## Task to carry out
What is needed is a faithful transcription of all the data below, pictures excluded.

## Data block
*-*-*
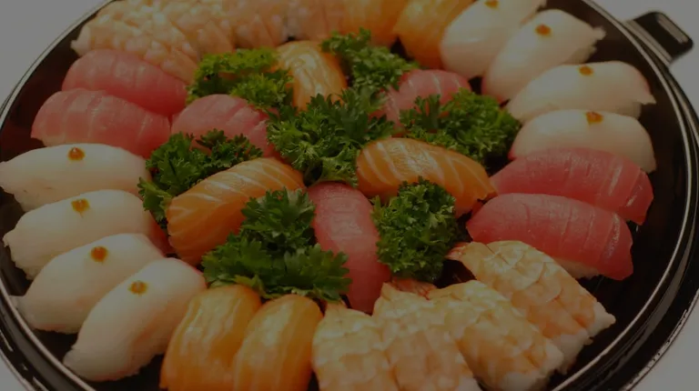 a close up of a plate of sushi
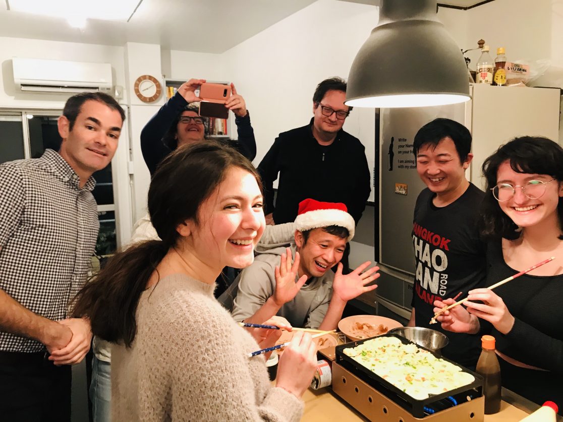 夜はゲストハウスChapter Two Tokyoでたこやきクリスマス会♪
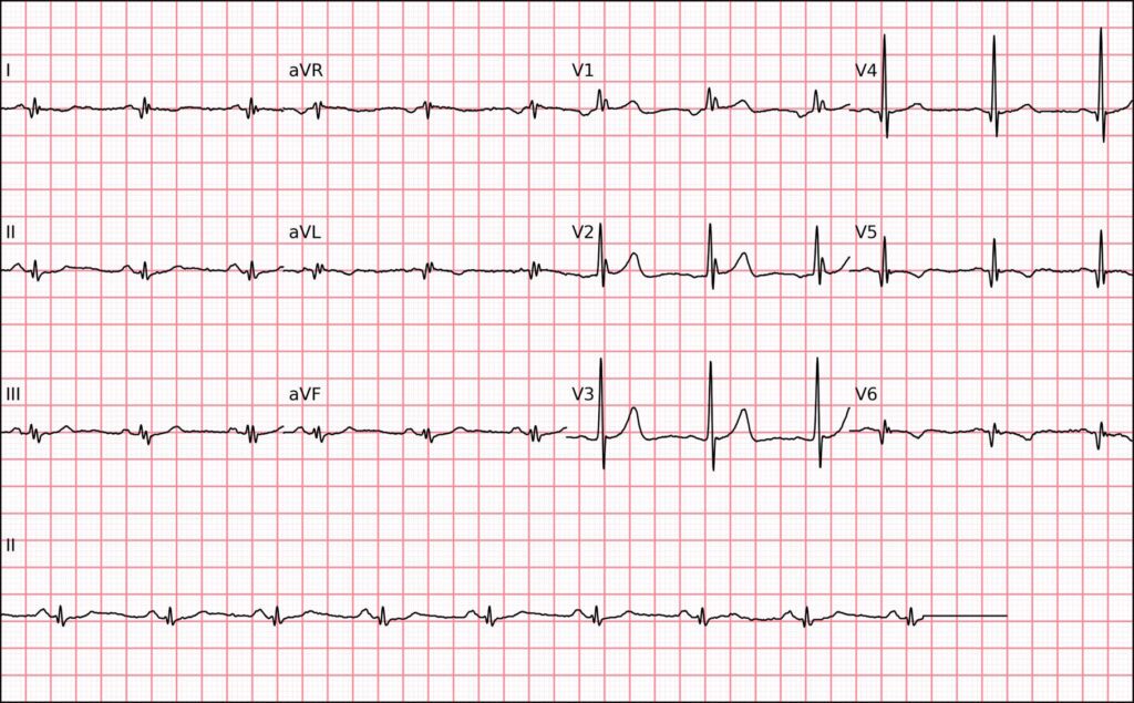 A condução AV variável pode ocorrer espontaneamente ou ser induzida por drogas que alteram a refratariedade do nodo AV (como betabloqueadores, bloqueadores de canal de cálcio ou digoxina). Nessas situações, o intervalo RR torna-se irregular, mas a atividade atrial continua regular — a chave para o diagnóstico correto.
*-*-*
## Exercise output
 a close up of a plate of sushi
 夜はゲストハウスChapter Two Tokyoでたこやきクリスマス会♪
 A condução AV variável pode ocorrer espontaneamente ou ser induzida por drogas que alteram a refratariedade do nodo AV (como betabloqueadores, bloqueadores de canal de cálcio ou digoxina). Nessas situações, o intervalo RR torna-se irregular, mas a atividade atrial continua regular — a chave para o diagnóstico correto.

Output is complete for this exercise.